Posted by Wes James on November 21,2012 | 07:24 AM
Does the Beech 18 really have a "forked tail"? I thought that nomenclature was assigned to a configuration such as on the P-38 Lighting fighter or maybe the Bonanza. I think the Beech 18 arrangement is properly termed a twin rudder.
Posted by Willy Roentgen on November 21,2012 | 09:27 AM
I was an aircraft in the Air Force on C-119,C-124 and C-9A
and have always loved the Beech 18 and hope someday be able to enjoy a flight in one.
I have spent the past 40 years building my own accounting practice so I can definitely pay the price of a fight.
Thanks
Dennis
Posted by Dennis Rickhoff on November 21,2012 | 12:58 PM
Great article, great tribute to a great airplane. One small update, Shelley Warren, daughter of David Warren who passed, has reopened Southwestern again and is actively selling the Beech 18 parts Monday through Thursday each week except for holidays. Steven Oxman, owner of N87711, a 1963 BE-18H tailwheel Twin Beech based out of KOXB in Ocean City, Maryland.
Posted by Steven Oxman on November 21,2012 | 11:41 PM
I was lucky to get to fly a D-18S for a short period in my younger years. That is still my favorite piston-twin of all time. Beautiful handling qualities and it oozes nostalgia!
Brent
http://iflyblog.com
Posted by Brent on November 23,2012 | 06:13 AM
Didn't Sky King fly a Beech 18 before they switched to the Cessna 310B?
Posted by Doug Davis on December 16,2012 | 10:49 PM
Does anyone know what happened to the Twin Beech, assigned to the CG of the Special Forces Center, Ft Bragg, NC. circa 1971/72? It was converted to PT-6 engines and tricycle nose gear.

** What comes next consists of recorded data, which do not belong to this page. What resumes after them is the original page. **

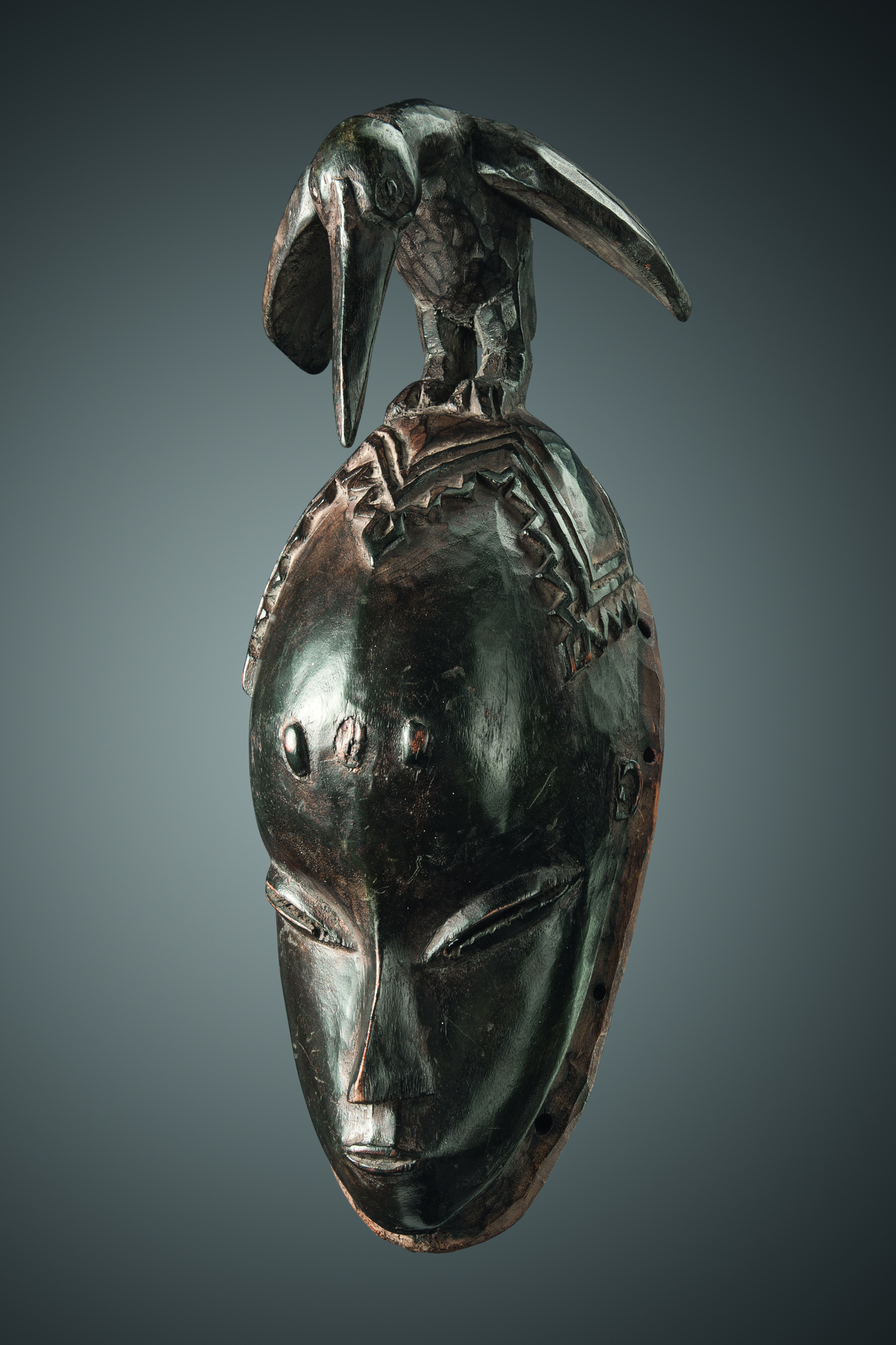 wood, rich blackish brown shiny patina, of narrow elongated form, crowned by large bird sculpture, special features: slanted position of the eyes and beautiful curved profile, nose with sharp-edged bridge extremely narrow and without nostrils, hairline in three jags, slightly dam., minor missing parts (nose tip, forehead tattoo, rims of the lids);
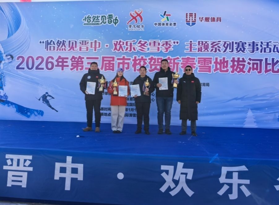 2026年1月16日,由晋中市体育局、晋中市直工委、晋中市总工会、晋中市教育局联合主办的第三届市校贺新春雪地拔河比赛在九龙国际滑雪场顺利举办,校工会联合体育学院积极组织参与,为寒冬注入了鲜明的体育活力。
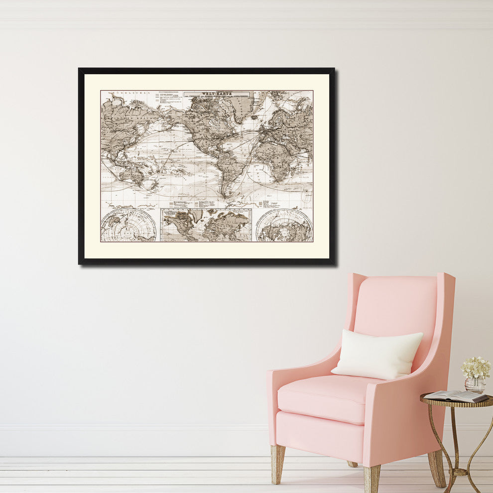 World Ocean Currents Vintage Sepia Map Canvas Print, 28"x37"
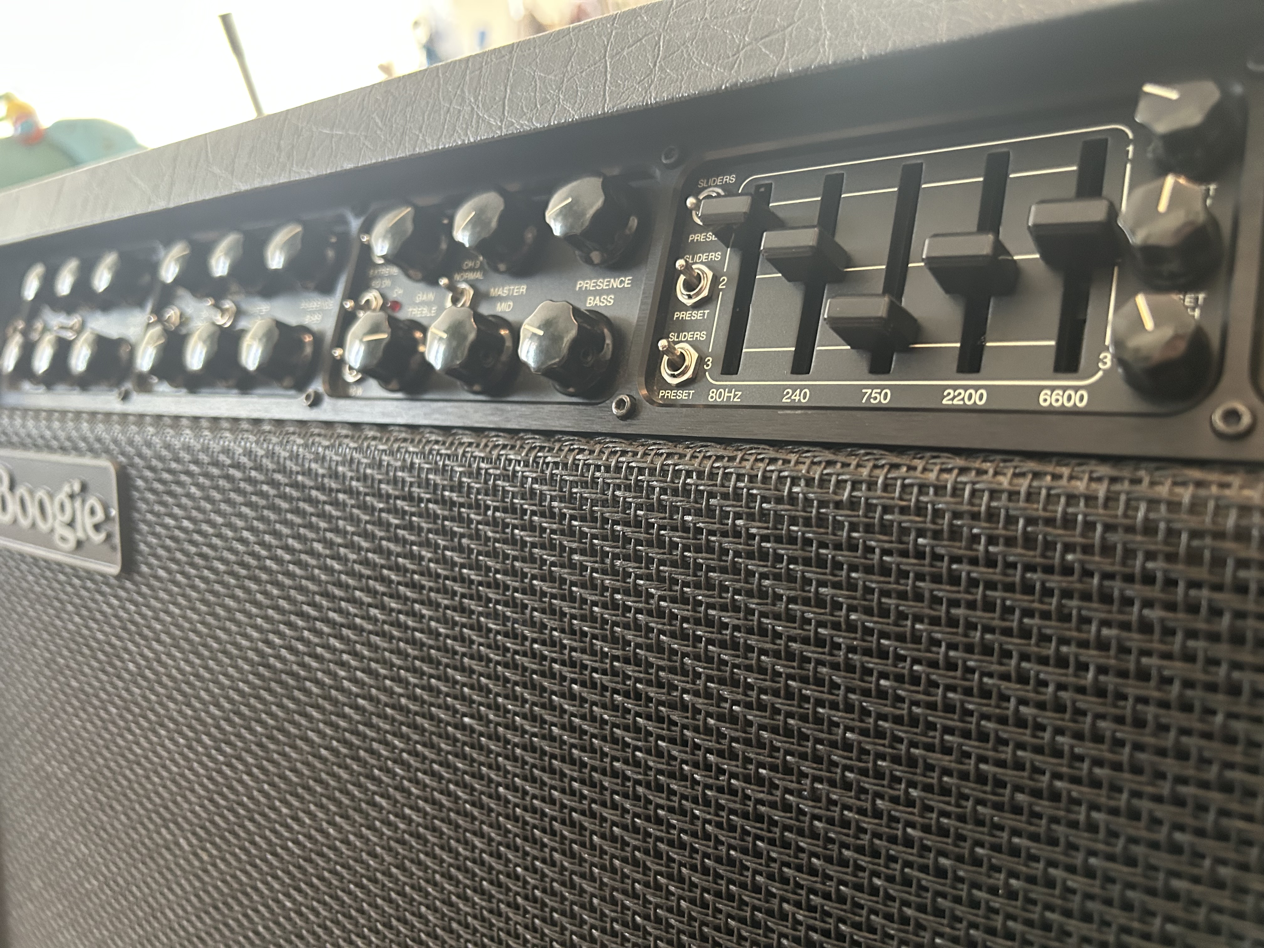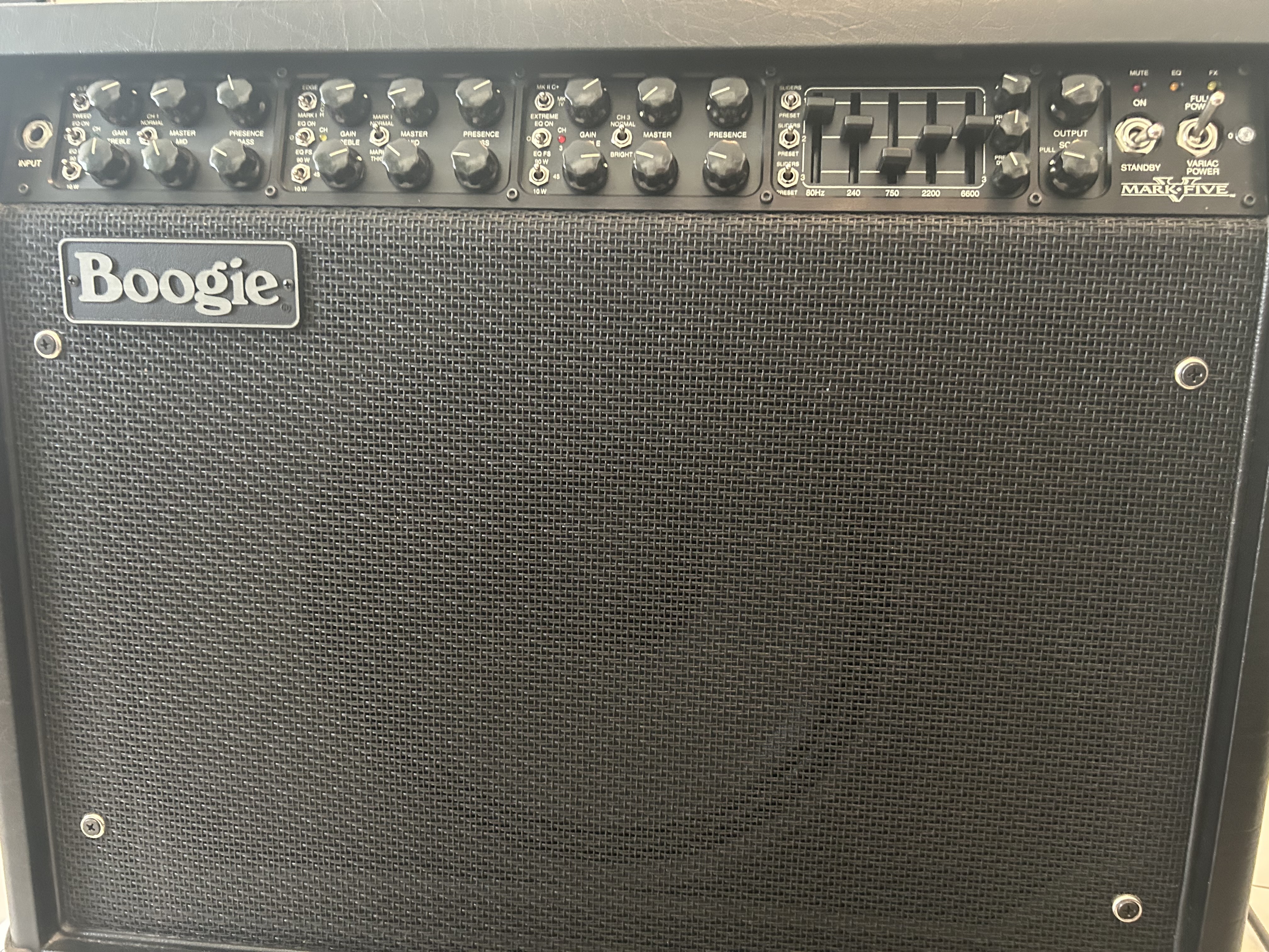 I found the MkV to be challenging to dial in at times. While it is not difficult to find a pleasant sound using generic settings, the amp took a great deal of adjusting to get it just right. The included graphic EQ is essential for coaxing higher gain tones from the amp. The 1x12 is plenty loud but lacks the low end emphasis that you may desire. I favored running the combo through an external 4x12 cab.

Call sign "John Wayne".
Posted by Jim Bauer on December 17,2012 | 07:20 AM
Over the years,I have been very fortunate to live either in the flight path of,on final approach to, very near to, more than a few airports in Texas.

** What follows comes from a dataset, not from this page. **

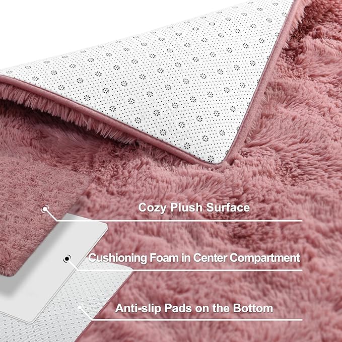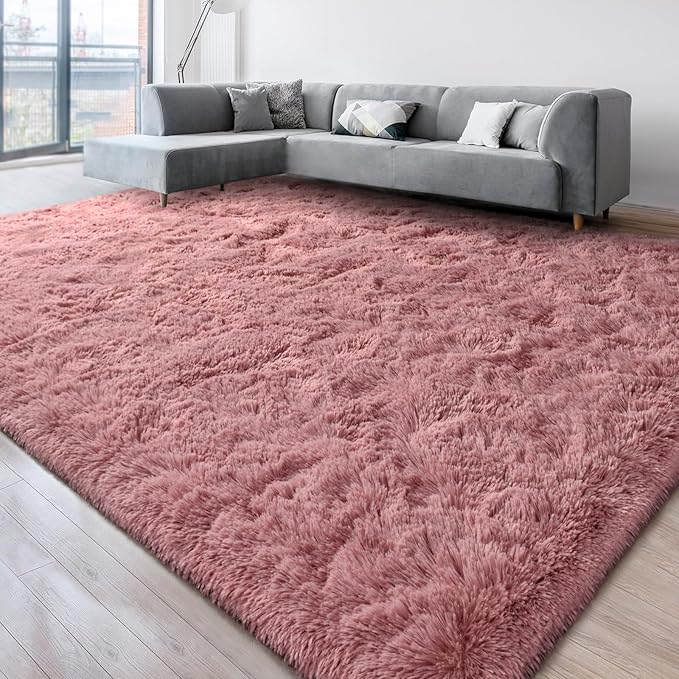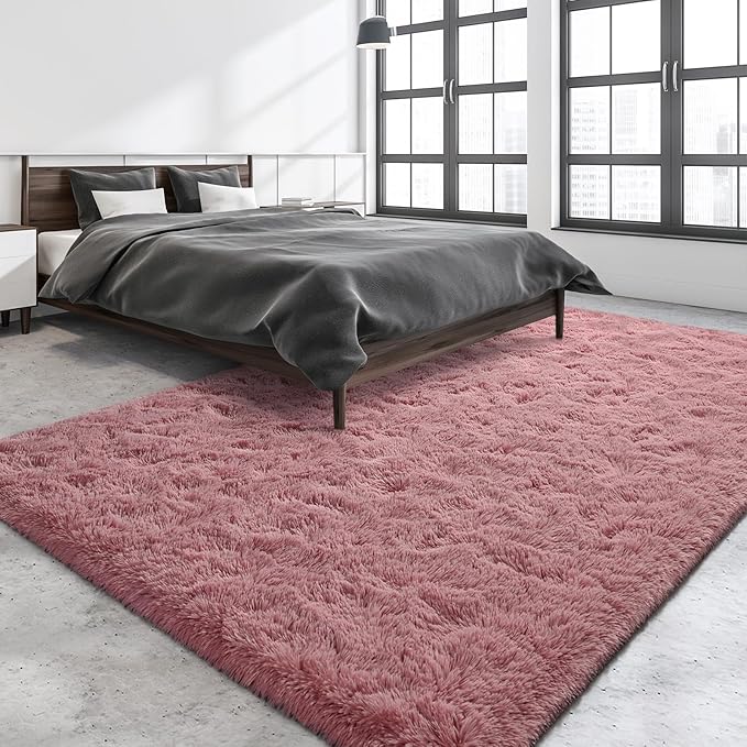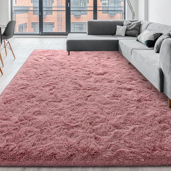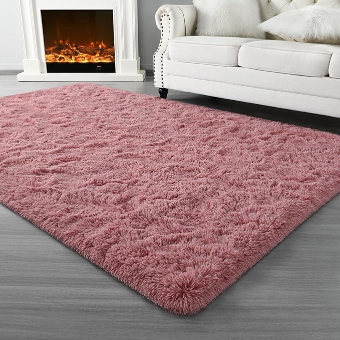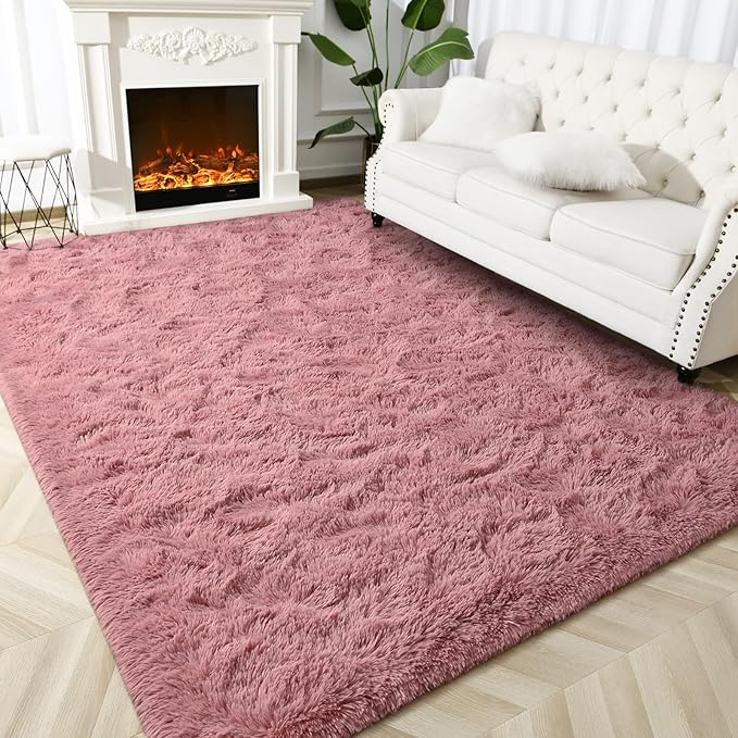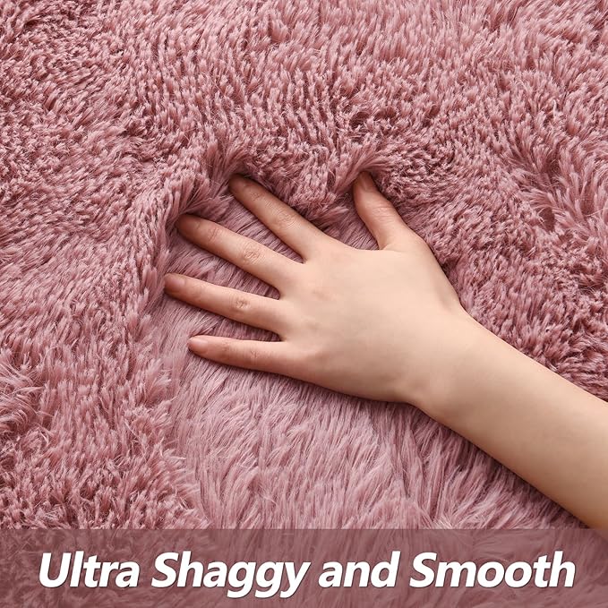 Super Soft Fluffy Shaggy Rugs for Living Room Bedroom, Fuzzy Plush Area Rugs for Girls Kids Room Nursery Home Decor, Furry Dorm Rug Cute Non-Slip Indoor Floor Carpet 6x9 Feet, Blush

Nothing in aviation thrilled me more than to see, hear or feel a D-18.
My most memorable (ouch!) Beech 18 experience was playing pilot in my grandfather's junkyard in a wingless model 18. He never did tell me how those planes ended up in an automotive junkyard.
The buzzing I heard was not me imitating the 450-hp. engines, but a big nest of Yellowjacket wasps that got me good!
Posted by Paul S. Infante on December 31,2012 | 06:36 PM
So, Marilyn Monroe is like a Beech 18. Ok, that makes Raquel Welch, let's see ... a C-47, right? Come on. This is a pretty nice article about a pretty nice little vintage twin -- let's try and be a little more imaginative when writing for a national publication, shall we?